DATA EXCERPTS:
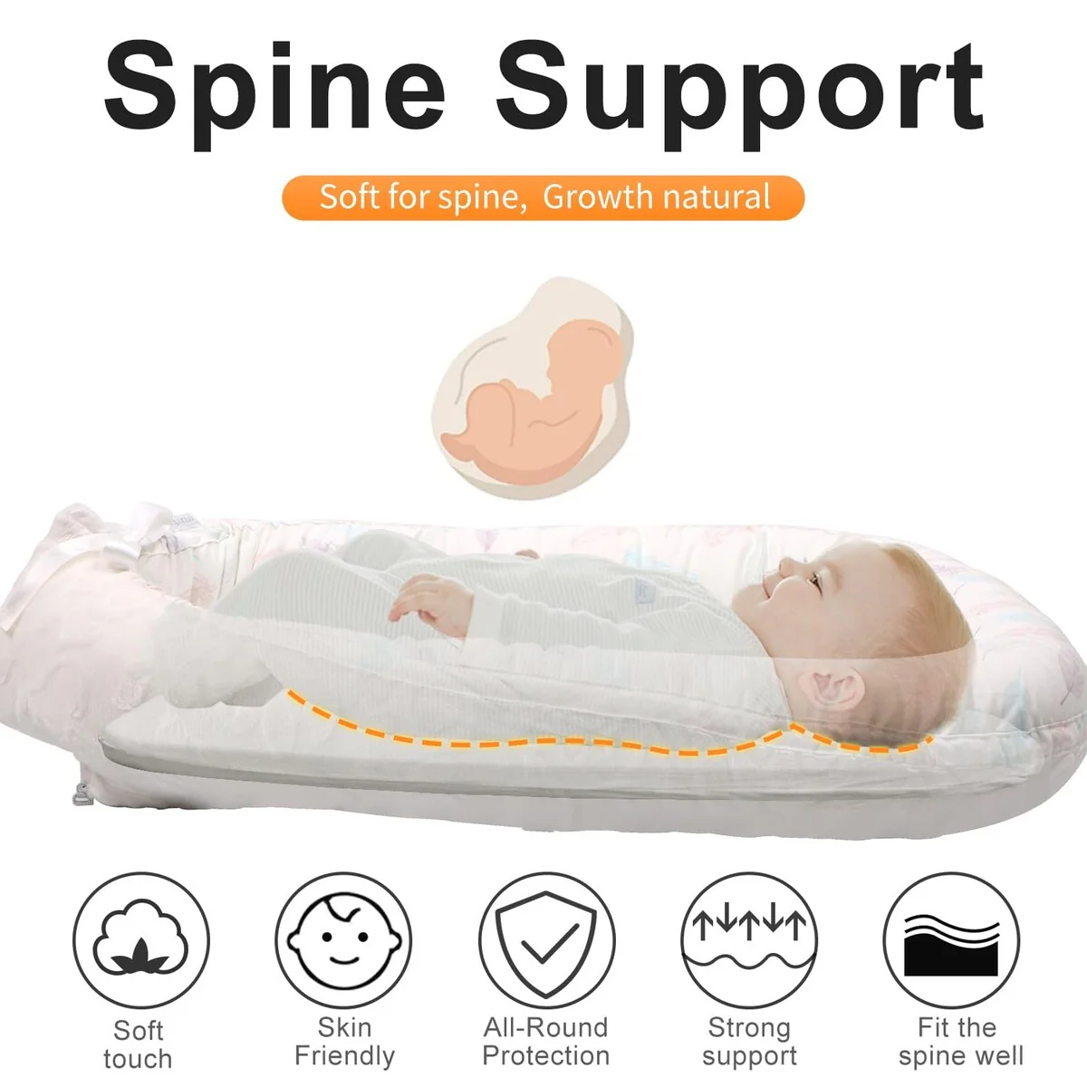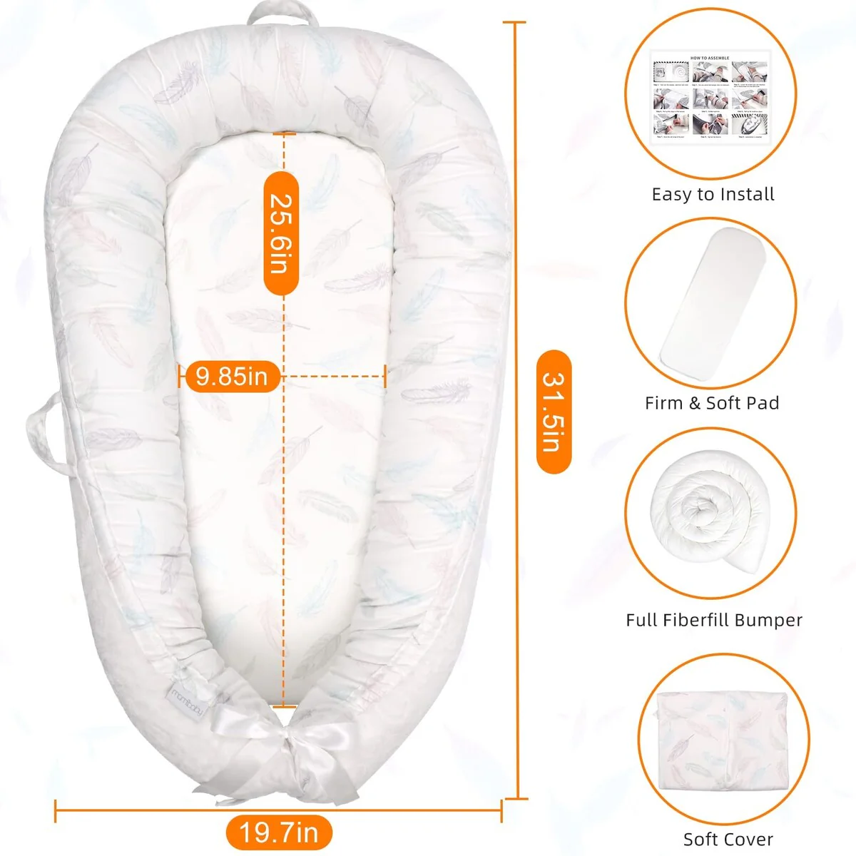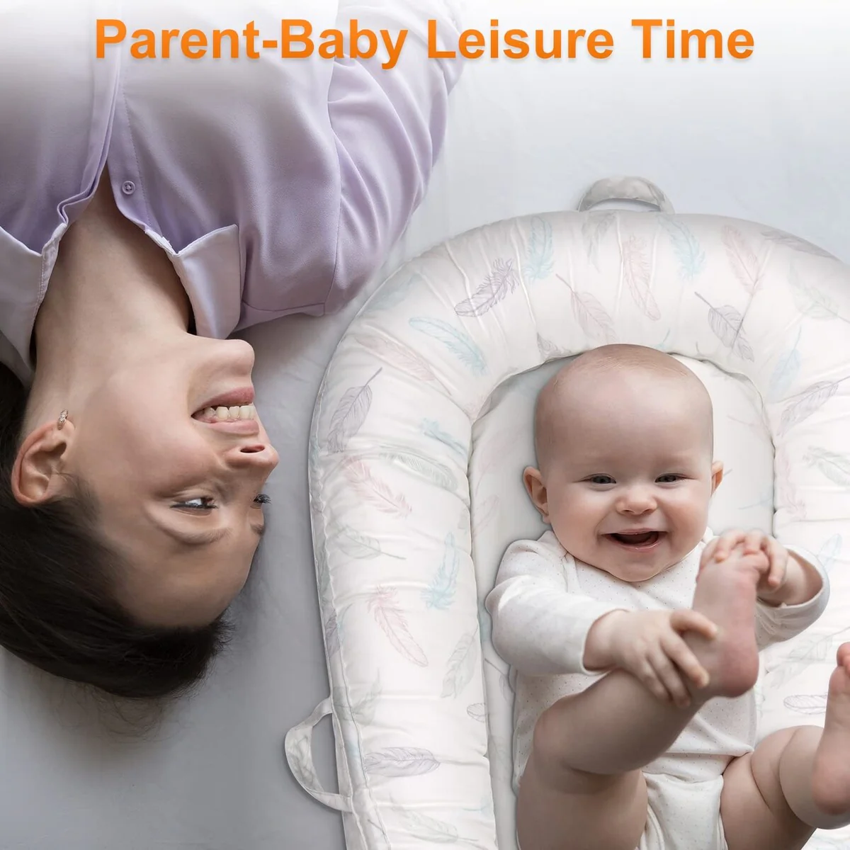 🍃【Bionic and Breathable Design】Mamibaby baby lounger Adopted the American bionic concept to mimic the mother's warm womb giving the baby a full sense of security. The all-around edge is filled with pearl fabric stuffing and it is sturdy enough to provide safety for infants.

--

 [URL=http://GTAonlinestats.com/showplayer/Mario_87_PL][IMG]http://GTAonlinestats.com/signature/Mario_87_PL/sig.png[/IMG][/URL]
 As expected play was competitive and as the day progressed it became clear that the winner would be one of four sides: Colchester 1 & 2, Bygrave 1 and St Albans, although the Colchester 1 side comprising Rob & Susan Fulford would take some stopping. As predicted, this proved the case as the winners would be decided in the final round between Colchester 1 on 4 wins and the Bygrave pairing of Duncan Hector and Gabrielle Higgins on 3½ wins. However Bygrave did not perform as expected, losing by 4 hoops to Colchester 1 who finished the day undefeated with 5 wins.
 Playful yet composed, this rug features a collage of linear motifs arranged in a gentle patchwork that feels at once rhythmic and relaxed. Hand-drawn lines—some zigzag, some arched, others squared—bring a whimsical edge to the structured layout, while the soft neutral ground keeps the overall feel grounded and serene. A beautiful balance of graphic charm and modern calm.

DESCRIPTION OF THE TASK: Which of the lines above hold the word "some"? Copy each one.

WORKED SOLUTION:
 As expected play was competitive and as the day progressed it became clear that the winner would be one of four sides: Colchester 1 & 2, Bygrave 1 and St Albans, although the Colchester 1 side comprising Rob & Susan Fulford would take some stopping. As predicted, this proved the case as the winners would be decided in the final round between Colchester 1 on 4 wins and the Bygrave pairing of Duncan Hector and Gabrielle Higgins on 3½ wins. However Bygrave did not perform as expected, losing by 4 hoops to Colchester 1 who finished the day undefeated with 5 wins.
 Playful yet composed, this rug features a collage of linear motifs arranged in a gentle patchwork that feels at once rhythmic and relaxed. Hand-drawn lines—some zigzag, some arched, others squared—bring a whimsical edge to the structured layout, while the soft neutral ground keeps the overall feel grounded and serene. A beautiful balance of graphic charm and modern calm.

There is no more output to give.